§ PROBLEM
Restrict the output to the lines below starting at the one that contains "-Spaghetti strap jumpsuit" and ending at the one that contains "cie<BR>33 x 46,50 cm", and restate them word for word, both ends included.
┏━━
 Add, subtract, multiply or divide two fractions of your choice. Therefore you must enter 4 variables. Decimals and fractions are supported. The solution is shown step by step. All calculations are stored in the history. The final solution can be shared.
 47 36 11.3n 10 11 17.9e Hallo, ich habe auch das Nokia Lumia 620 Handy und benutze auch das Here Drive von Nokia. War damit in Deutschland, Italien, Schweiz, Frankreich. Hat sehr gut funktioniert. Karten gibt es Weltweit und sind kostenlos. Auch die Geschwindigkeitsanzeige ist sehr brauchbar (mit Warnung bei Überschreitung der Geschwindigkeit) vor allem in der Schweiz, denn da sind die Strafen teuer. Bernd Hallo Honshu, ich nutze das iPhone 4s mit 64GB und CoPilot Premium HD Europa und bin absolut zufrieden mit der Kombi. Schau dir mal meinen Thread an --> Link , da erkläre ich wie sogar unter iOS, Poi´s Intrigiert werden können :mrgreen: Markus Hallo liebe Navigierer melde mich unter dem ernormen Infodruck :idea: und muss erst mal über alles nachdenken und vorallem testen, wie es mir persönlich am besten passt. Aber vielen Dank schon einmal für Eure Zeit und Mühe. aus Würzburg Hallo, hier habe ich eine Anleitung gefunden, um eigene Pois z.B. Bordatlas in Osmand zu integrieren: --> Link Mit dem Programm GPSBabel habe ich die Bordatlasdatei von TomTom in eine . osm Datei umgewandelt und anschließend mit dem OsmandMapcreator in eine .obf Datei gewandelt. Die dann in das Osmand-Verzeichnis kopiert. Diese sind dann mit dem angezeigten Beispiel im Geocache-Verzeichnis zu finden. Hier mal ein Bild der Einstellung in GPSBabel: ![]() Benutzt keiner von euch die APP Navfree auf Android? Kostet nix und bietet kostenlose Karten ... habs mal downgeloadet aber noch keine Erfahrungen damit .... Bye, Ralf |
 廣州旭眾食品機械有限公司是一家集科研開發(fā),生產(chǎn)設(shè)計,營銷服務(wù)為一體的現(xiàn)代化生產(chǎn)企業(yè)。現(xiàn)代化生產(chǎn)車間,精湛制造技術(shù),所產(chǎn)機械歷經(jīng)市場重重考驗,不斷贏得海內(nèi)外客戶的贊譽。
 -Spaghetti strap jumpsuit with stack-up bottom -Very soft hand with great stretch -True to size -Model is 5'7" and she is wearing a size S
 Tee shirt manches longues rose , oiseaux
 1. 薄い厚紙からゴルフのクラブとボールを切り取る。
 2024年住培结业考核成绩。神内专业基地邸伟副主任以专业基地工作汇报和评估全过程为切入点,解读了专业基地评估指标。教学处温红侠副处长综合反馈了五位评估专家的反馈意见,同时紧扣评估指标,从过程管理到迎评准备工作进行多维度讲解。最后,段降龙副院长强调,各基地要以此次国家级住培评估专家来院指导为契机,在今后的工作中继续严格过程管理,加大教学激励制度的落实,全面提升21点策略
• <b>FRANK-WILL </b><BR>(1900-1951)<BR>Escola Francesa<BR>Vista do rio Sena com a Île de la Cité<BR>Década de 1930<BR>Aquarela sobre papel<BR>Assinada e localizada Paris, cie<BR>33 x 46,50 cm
┗━━
┏━━
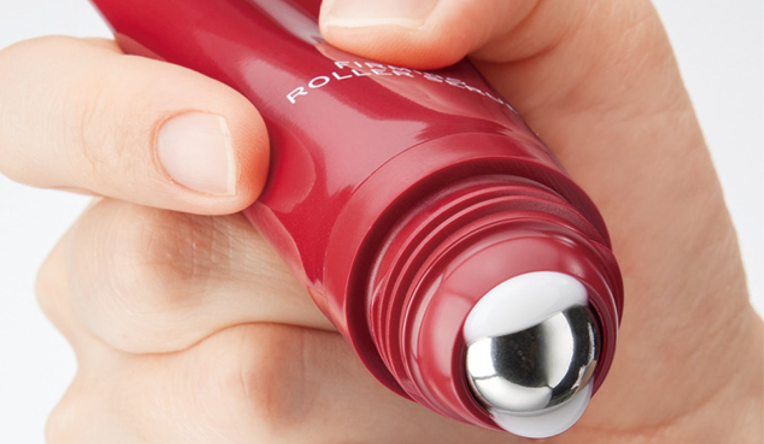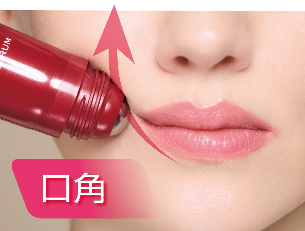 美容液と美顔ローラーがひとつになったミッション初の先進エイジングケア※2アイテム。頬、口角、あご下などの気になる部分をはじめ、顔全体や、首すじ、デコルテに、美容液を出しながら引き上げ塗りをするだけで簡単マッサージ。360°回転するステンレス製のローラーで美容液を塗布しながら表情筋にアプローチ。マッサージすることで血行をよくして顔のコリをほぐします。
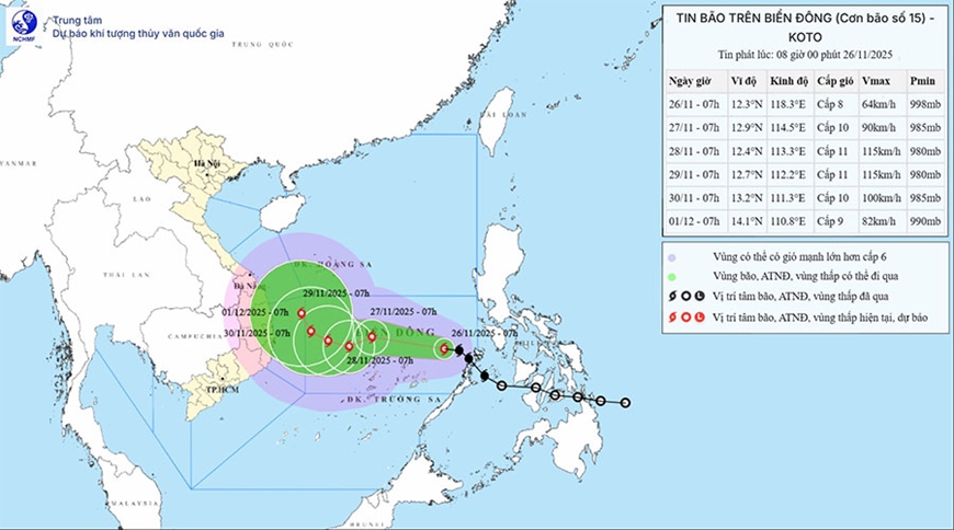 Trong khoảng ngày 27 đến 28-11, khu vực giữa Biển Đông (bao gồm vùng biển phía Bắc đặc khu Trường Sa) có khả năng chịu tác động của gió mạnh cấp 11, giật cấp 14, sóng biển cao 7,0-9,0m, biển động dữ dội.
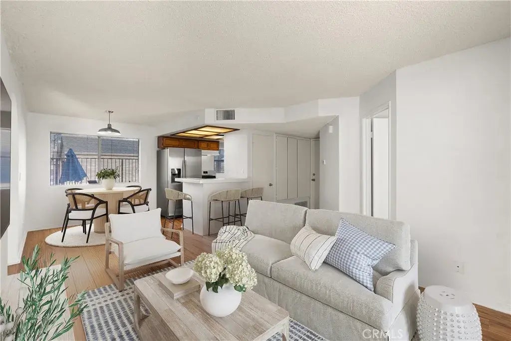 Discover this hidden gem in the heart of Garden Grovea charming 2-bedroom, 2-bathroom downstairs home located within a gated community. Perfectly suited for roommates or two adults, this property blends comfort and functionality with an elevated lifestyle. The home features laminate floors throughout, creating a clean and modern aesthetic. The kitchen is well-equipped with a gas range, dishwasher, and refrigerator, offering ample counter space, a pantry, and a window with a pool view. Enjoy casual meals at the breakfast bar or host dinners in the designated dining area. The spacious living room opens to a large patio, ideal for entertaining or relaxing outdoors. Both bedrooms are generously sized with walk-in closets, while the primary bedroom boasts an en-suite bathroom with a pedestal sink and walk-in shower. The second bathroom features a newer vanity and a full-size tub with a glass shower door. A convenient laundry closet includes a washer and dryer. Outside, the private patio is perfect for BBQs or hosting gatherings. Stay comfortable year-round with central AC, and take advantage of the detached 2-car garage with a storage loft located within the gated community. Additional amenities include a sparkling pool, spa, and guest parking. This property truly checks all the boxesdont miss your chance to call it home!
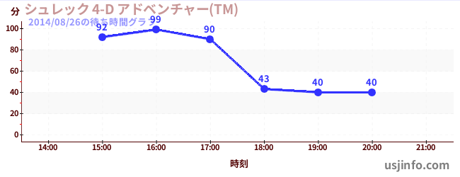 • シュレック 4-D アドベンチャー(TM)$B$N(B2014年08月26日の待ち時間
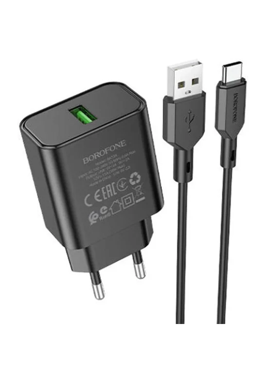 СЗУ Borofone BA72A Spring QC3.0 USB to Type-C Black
┗━━
§ THE ANSWER
 -Spaghetti strap jumpsuit with stack-up bottom -Very soft hand with great stretch -True to size -Model is 5'7" and she is wearing a size S
 Tee shirt manches longues rose , oiseaux
 1. 薄い厚紙からゴルフのクラブとボールを切り取る。
 2024年住培结业考核成绩。神内专业基地邸伟副主任以专业基地工作汇报和评估全过程为切入点,解读了专业基地评估指标。教学处温红侠副处长综合反馈了五位评估专家的反馈意见,同时紧扣评估指标,从过程管理到迎评准备工作进行多维度讲解。最后,段降龙副院长强调,各基地要以此次国家级住培评估专家来院指导为契机,在今后的工作中继续严格过程管理,加大教学激励制度的落实,全面提升21点策略
• <b>FRANK-WILL </b><BR>(1900-1951)<BR>Escola Francesa<BR>Vista do rio Sena com a Île de la Cité<BR>Década de 1930<BR>Aquarela sobre papel<BR>Assinada e localizada Paris, cie<BR>33 x 46,50 cm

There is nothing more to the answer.